In his 100-page decision, Judge Frederick Block awarded the maximum of $150,000 for each of 45 murals that were destroyed in the dark of night without warning at the Long Island City warehouse complex that was torn down a year later to make way for two residential towers.
“The legacy of 5Pointz may be this ruling and the clear statement that aerosol art and public art are not disposable. The 21 plaintiffs, including myself, believed in the law and stood up for our rights, we believed in the value of our art and we were heard,” 5Pointz Founder and Curator Jonathan “Meres” Cohen said. “The art adorning 5Pointz is gone and can never be replaced, the 7 train commute will never be the same, but Honorable Judge Block’s judgement is historical for generations of artists all around the country. 5Pointz art was a true form of free speech, and this ruling honors this great American tradition of standing up for our rights.”

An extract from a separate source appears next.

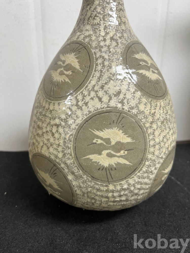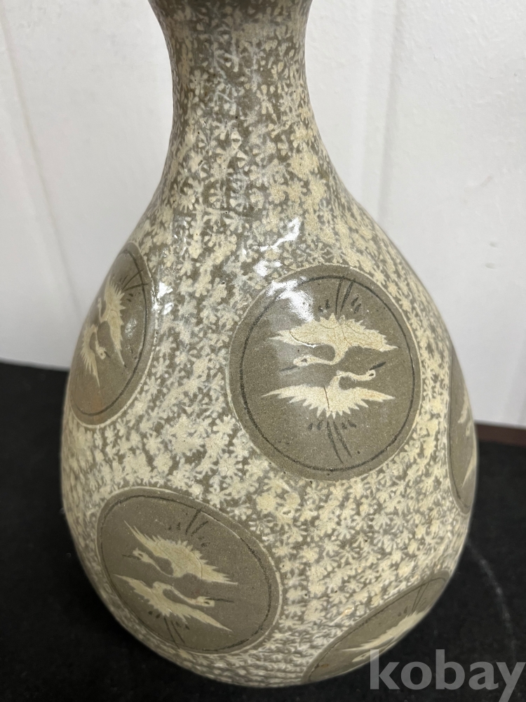 바탕은 인화기법으로 꽃무늬를 넣고 개광안에 쌍학무늬를 넣었습니다.

The ruling followed a three-week trial at Federal District Court in November with a jury finding Wolkoff had violated the federal Visual Artists Rights Act which was enacted in 1990, granting artists the rights to prevent intentional modification of their visual artworks and the destruction or mutilation of artworks “of a recognized stature.” It is the first time VARA has been used to protect aerosol artwork.
In his decision, Judge Block wrote, “If not for Wolkoff’s insolence, these damages would not have been assessed. If he did not destroy 5Pointz until he received his permits and demolished it 10 months later, the Court would not have found that he had acted willfully.”
Wolkoff was stunned by the judge’s ruling.
“What permits?” he asked. “Have you ever had to deal with the City of New York? I could have waited years for those permits. It’s an insane decision and I’m going to go through the appeal process. Why would he think any differently if it was two days or six months? I’ll appeal it and we’ll go from there.”
Court documents labeled Wolkoff a “difficult witness” who was argumentative and prone to tangents and non-responsive answers.
“I was going insane, I couldn’t believe I was there, in a courtroom being sued by people I allowed to paint on my building,” Wolkoff said. “I had no idea why I was being sued in the first place.”
Block, meanwhile, praised the artists who “have conducted themselves with dignity, maturity, respect, and at all times within the law” adding their behavior contributed to his decision to award them significant damages.
“This legal process was trying and difficult on all of us but in the end to see the rights of art prevail in New York City is extremely rewarding and emotional,” Cohen said. “As a curator seeing over 10 years of my work recognized and valued, and knowing that justice sided with the artists who selflessly painted at 5Pointz, is the biggest victory.”